The Society for Social Work and Research

2013 Annual Conference

January 16-20, 2013 I Sheraton San Diego Hotel and Marina I San Diego, CA

Widowhood, Religion, and Mortality Among Older Adults

Friday, January 18, 2013
Grande Ballroom A, B, and C (Sheraton San Diego Hotel & Marina)
* noted as presenting author
Hyejin Kim, MA, Doctoral Student, Florida State University, Tallahassee, FL
Karen A. Randolph, PhD, Associate Professor, Florida State University, Tallahassee, FL
Background and Purpose: The death of a spouse is a traumatic event in one’s life (Atchley & Barusch, 2000), and can have a negative impact on mental health, physical functioning, and even increased mortality among surviving spouses (Elwert & Christakis, 2008; Lee & Carr, 2007). On the other hand, religious factors are positively related to health outcomes among older adults (Helma, Hays, Flint, Koeniga, & Blazera, 2000; Palmer, Katerndahl, & Morgan-Kidd, 2004) and may decrease the negative effects of widowhood on their well-being (Momtaz, Ibrahim, Hamid, & Yahaya, 2010) In spite of the importance of religion among older adults in widowhood, research is limited with regard to understanding its effects on mortality. The relationship between widowhood, religion, and mortality among older adults can be better understood by clarifying the main and moderating effects of religion. Therefore, this study examines the main and moderating effects of three measures of religion on mortality among older adults in widowhood.

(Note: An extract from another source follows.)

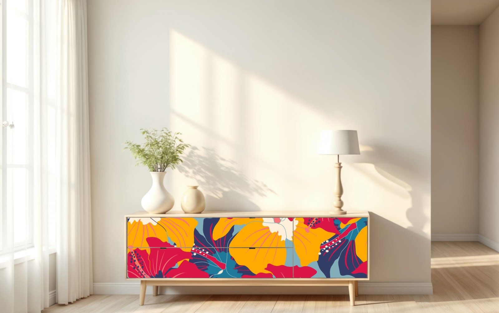Repositionierbarer Aufkleber Lebhaftes hibiskusmuster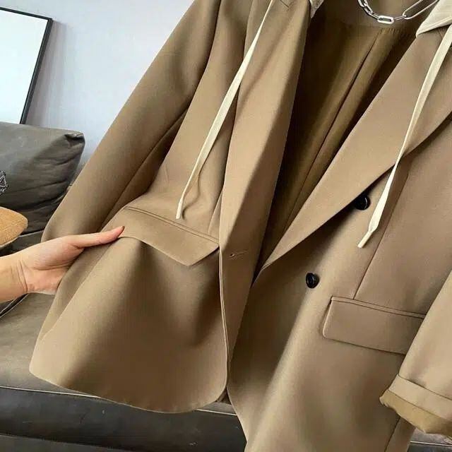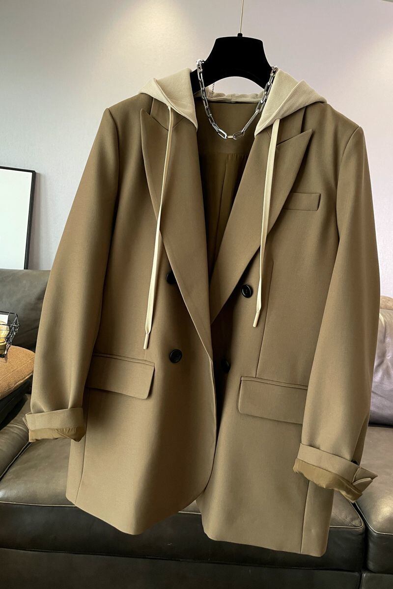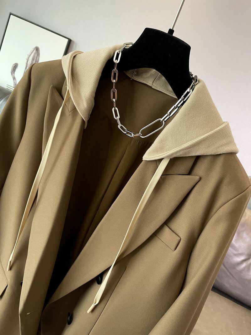 Nomikuma 2022 フード付きヒットカラーブレザーコートダブルブレスト長袖スーツジャケット秋の女性ブレザー ロング オータム 秋物 kor23663005758

 Methods: The sample included 9,956 older adults aged 65 and over who participated in the Health and Retirement (HRS) RAND study. This is an ongoing longitudinal study of a nationally-representative sample of older adults in the United States. Hierarchical binary logistic regression procedures were used to analyze the data. Religion was measured using three variables—religious preference, religious services participation, and religious importance. Models controlled for demographic, socioeconomic, and health status factors.

 Results: The odds ratio of widowhood was 1.97, which means that widowed older adults tend to be 1.97 times more likely to die than married older adults. However, when demographic and socioeconomic factors were controlled, the effect of widowhood on mortality was no longer significant. Two religion variables—religious services participation and religious importance—had a direct impact on mortality. The odds of mortality were lower for older adults who participated in religious services (OR=.86; p=.001) but higher for those with stronger beliefs about the importance of religion (OR=1.17; p=.001). Religious participation moderated the relationship between widowhood and mortality in that the odds of mortality increased among widowed older adults who participated in religious services more often (OR=1.21; p=.001).

 Conclusions and Implications: Unlike religious services participation which was negatively related to the risk of mortality, religious importance was positively related to the risk of mortality. This finding is counter to our hypothesis, and may indicate a reverse causal relationship such that religious beliefs become stronger for individuals at the end of their lives. The positive moderating effect of religious participation on the relationship between widowhood and mortality is also incongruent with our hypothesis and requires further investigation. It may be that other factors such as low social support or poor health affect these relationships. More sophisticated longitudinal models need to be conducted to clarify the causal relationships between widowhood, religion, and mortality, and potentially relevant factors such as social support should be considered in future studies.